November 23, 2010
“A man travels the world over in search of what he needs and returns home to find it.”
~ George Augustus Moore, The Brook Kerith, Ch. 11 (1916)
Even though we Americans consume resources at an impressive rate, when asked what we value most, we identify our family, friends and communities. The traditions of Thanksgiving, a uniquely American holiday, remind us to offer thanks for all we value, which typically doesn’t include our cars, computers or televisions. Rather, we give thanks for our children, parents, friends, loved ones, colleagues, and those serving our country in far away lands.

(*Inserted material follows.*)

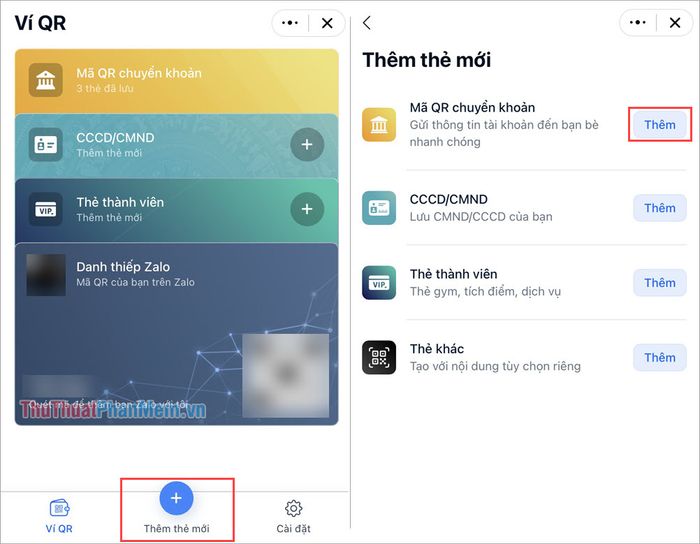 Step 2: In the QR Wallet, select Add New Card and choose Add QR Code transfer to quickly generate a transfer QR code.

Thanksgiving is also a time when we remind ourselves to reach out and help those less fortunate or with fewer resources than we possess. Despite the hardships of living in a time when we experience daily a struggling economy, a climate of political dissatisfaction, and work overloads on the job, we all take a break this week to express our gratitude to and for those around us. It’s a time when we remind ourselves that we humans are truly “all in this together.”

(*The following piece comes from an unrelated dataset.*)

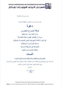 «المشاركة في قرطاج شرف كبير، وتمثل تقديرًا لكل فنان مصري يؤمن بأن المسرح رسالة ووعي وجمال. نسعى لتقديم عرض يليق باسم مصر وجمهورها العربي.»

As we begin this week, my first thank you goes to those who serve the children of Albemarle County. Despite the fact that we serve more children with fewer resources than this time last year, you continue to dedicate yourselves to young people. You take money out of your own pockets to fill in gaps so that children will have what they need, including snacks, healthcare, and basic supplies. I recently spoke with the spouse of a teacher who said, “I don’t even ask about the snack receipts anymore. I know she’s just trying to help kids who might otherwise not have a snack.”

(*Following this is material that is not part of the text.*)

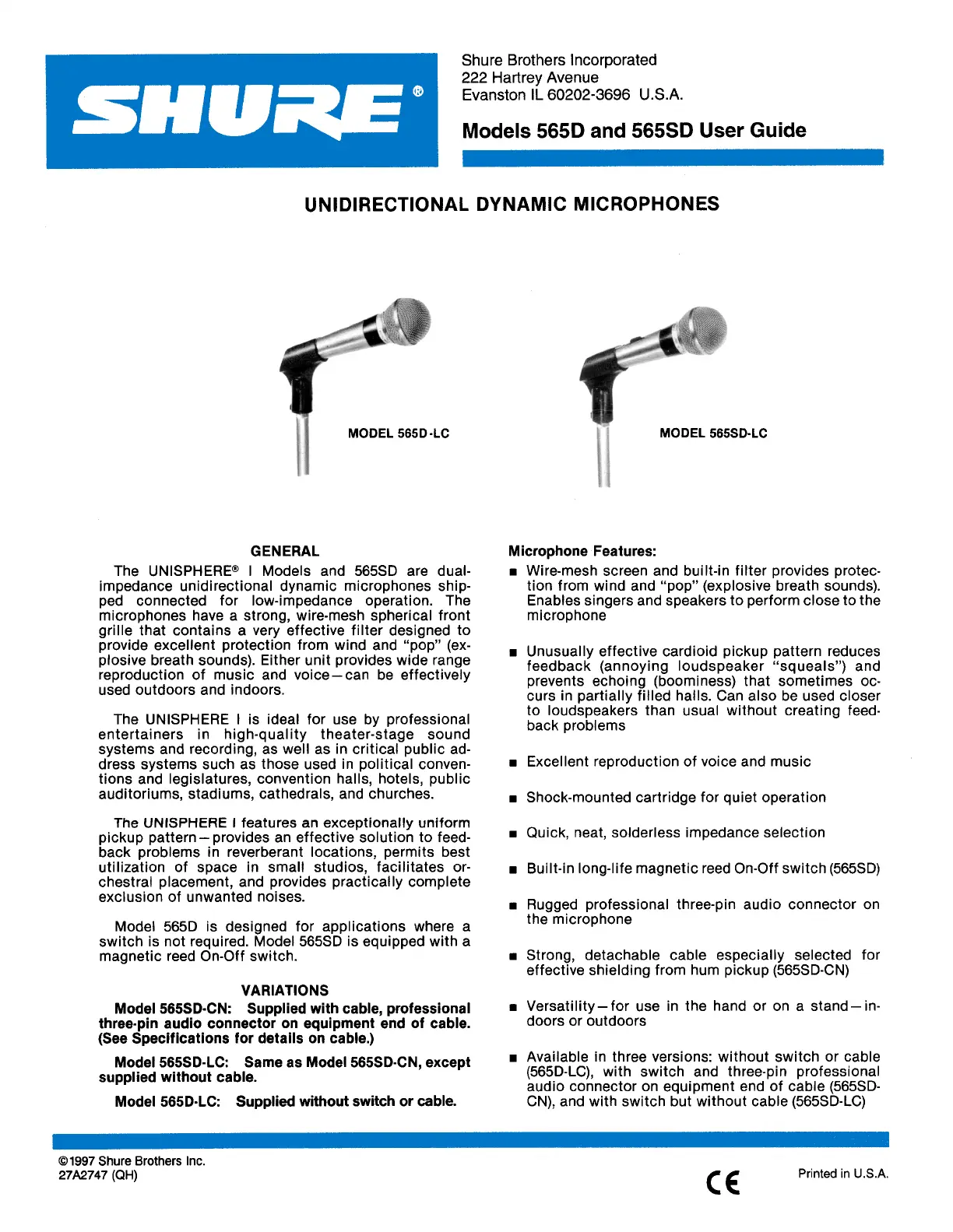 Lies die bedienungsanleitung für Shure 565SD-LC (3 Seiten) kostenlos online; sie gehört zur Kategorie Mikrofon. Dieses Handbuch wurde von 2 Personen als hilfreich bewertet und erhielt im Schnitt 4.5 Sterne aus 9 Bewertungen. Hast du eine Frage zu Shure 565SD-LC oder möchtest du andere Nutzer dieses Produkts befragen? Stelle eine Frage

In many cases, you are teaching larger classes than we have seen since the mid-nineties. Funds for professional development have dropped dramatically in just three years. Teacher stipends have been cut. Mandates continue to flow from the federal and state governments. Salaries have been frozen for every one employed by Albemarle County. Out-of-pocket health costs have risen. Positions have been eliminated in every department and school without any expectation from our public that we stop providing any services. The national and local media do us no favors by focusing on stories that reflect negatively on public education rather than on the many accomplishments for which our nation, state and community should be thankful as we go into this holiday break.
Our young people attend schools that are some of the best maintained in the United States because of our Building Services staff. They ride safely on buses that travel more than 12,000 miles daily with only a very small chance of being in an accident. They are taught by educators who represent excellence as a teaching faculty— as good as any in the nation. Our principals do whatever it takes to provide support, from making sure that fees for field trips and extracurricular activities are available to those in need to standing in the rain and snow to greet learners when they arrive and leave each day. The work of our schools and Division runs smoothly because of employees, both clerical and administrative, who often may be the least visible—those who provide support so that paychecks get cut, personnel issues get resolved, instructional supplies get ordered, reports get filed, and phones get answered.
In a day and age when we expect every young person to graduate on-time with the highest quality education possible, it truly takes a community of educators and support staff to make that happen. I am proud of Albemarle County Public Schools. I am thankful to you for being the kind of employees who give your best every day, despite the challenges created by our current economic crisis. Our young people are fortunate that you are in their corner and on their side. When I sit down at this year’s Thanksgiving table to gather with family and friends, you will be on the list of those for whom I am most grateful.